Можно взять с собой резиновые сапоги с длинными голенищами - все зависит от места, где будете ловить утят. Впрочем, сапоги брать не обязательно - с ними может случиться история, которая произошла с сапогами Семена Семеновича.
Ранним утром мы наскоро пьем чай, взваливаем рюкзаки со снаряжением, котелками и едой и выпихиваемся на улицу. Мы - это я и егерь Николай Петрович Ожидаев. Идем к Яхромским старицам. От нас они в двух часах хорошей ходьбы. По нашим представлениям это недалеко, и все же мы не отказались бы выиграть лишний час, подъехав на попутной машине. Несколько раз мы оглядываемся назад и вдруг замечаем на дороге облачко пыли. Мы останавливаемся. Петрович нетерпеливо переступает с ноги на ногу.
- Так это же машина Семёна Семёныча, его «Москвичонок»! Как это я сразу не узнал? Солнце, наверное, помешало.
С Семеном Семеновичем я уже знаком. Давний приятель Петровича, в прошлом военный врач, а сейчас преподаватель фельдшерских курсов; он хорошо известен в районе любителям охоты и рыбной ловли. За глаза, а иногда и в глаза его называют попросту Сем Семыч. Он не обижается.
Из «Москвича» первого выпуска с некоторыми трудностями вылезает небольшого роста толстый мужчина лет пятидесяти в поношенном пиджаке, выцветшей шляпе и высоких резиновых сапогах редкого желто-зеленого цвета.
- Уф! Дьявольская дорога и жарища египетская, а еще утро! Что же будет днем? Вы что, в браконьеры записались? - спрашивает Семен Семёныч, подавая большую волосатую руку. Он тоже едет на Яхромские старицы.
- Откуда ты сапоги такие откопал? - интересуется Петрович.
- Не спрашивай! Решил обновить. Сын привез из Швеции. Непромокаемые и непотопляемые. Спорить могу, что других таких нет во всем районе.
Размещаемся в машине. Острые коленки длинных ног Петровича поднимаются выше моей головы. Впереди почти во всю ширину машины громоздится спина Семена Семеныча. Нас кидает из стороны в сторону.
- Ну и дорога! Сто раз в год езжу по ней, и каждый раз вижу что-нибудь новое. Вот этой колдобины прошлый раз не было!
Машина выезжает из лощины. Впереди стадо коров, лениво пережевывающих свою тягучую коровью думу. Пастухов не видно.
- Петька опять, наверное, жерлицы ставить ушел на реку. Надо их согнать с дороги...
- Подожди, Петрович, не выходи. У меня для такого случая гудок есть особенный.
Каждый шофер знает: обычный автомобильный сигнал на коров не действует.
Семен Семеныч поворачивает рычажок на щитке управления. Раздается неприятный вибрирующий звук низкого тона. Коровы как по команде перестают жевать. Головы обращены в нашу сторону.
Семен Семеныч трогает рычажок еще раз. Высота звука и его модуляции увеличиваются.
- М-м-даа! - Петрович морщится.
У меня начинает чесаться ладонь.
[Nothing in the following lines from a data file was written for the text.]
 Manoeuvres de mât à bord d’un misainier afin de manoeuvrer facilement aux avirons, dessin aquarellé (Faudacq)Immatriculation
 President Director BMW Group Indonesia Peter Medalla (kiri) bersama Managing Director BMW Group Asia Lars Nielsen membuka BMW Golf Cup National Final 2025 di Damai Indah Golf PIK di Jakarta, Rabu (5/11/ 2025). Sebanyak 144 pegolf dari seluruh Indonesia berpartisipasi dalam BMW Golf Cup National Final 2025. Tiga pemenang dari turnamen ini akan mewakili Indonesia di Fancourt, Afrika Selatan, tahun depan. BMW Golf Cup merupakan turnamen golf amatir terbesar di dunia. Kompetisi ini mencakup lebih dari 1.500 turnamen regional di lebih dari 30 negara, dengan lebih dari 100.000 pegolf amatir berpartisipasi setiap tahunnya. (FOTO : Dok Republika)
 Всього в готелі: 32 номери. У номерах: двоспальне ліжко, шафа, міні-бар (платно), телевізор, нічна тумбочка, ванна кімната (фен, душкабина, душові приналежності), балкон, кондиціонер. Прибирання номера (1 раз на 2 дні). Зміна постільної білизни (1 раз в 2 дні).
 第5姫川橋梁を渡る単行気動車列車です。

Коровы медленно освобождают дорогу. Семен Семеныч еще раз поворачивает рычажок. Будто ножом провели по стеклу - тонкий вибрирующий сигнал ударяет в уши. Петрович стукается подбородком о собственные колени; я с трудом сдерживаюсь, чтобы не заскрежетать зубами.
Коровы разбегаются по обе стороны дороги.
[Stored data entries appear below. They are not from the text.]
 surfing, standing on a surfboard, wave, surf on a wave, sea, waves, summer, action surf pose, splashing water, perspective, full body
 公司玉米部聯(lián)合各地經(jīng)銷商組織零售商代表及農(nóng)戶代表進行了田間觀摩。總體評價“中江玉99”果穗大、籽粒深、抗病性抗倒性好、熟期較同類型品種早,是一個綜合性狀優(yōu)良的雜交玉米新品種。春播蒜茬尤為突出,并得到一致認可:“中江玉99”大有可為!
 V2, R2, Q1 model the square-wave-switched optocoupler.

- Вы-вы-клю-чи с-с-вою шар-м-м-м-анку! - кричит Петрович, заикаясь и придерживая рукой подбородок. Машина трясется в каком-то мелком ознобе. Вместе с ней трясемся и мы. Семен Семеныч, убедившись, что его изобретение действует не только на коров, выключает сигнал.
Дорога спускается в речную пойму. Над лугом, висит пустельга, с криками летают береговые ласточки. Останавливаемся на поляне на берегу старицы, прозванной Кривулей за форму, похожую на запятую. На земле видны темные пятна от рыбацких костров.
Вытаскиваем свои снасти. Семен Семеныч, узнав о цели нашего небольшого похода, решительно заявляет о непременном участии в ловле и кольцевании утят.
- ... К тому же сапоги! Как вы без сапог по осоке и рогозу ходить будете? Нет, без меня вам не обойтись.
Петрович не без удовольствия соглашается. С видом полководца, осматривающего поле будущего сражения, он меряет берег метровыми шагами и вглядывается в старицу.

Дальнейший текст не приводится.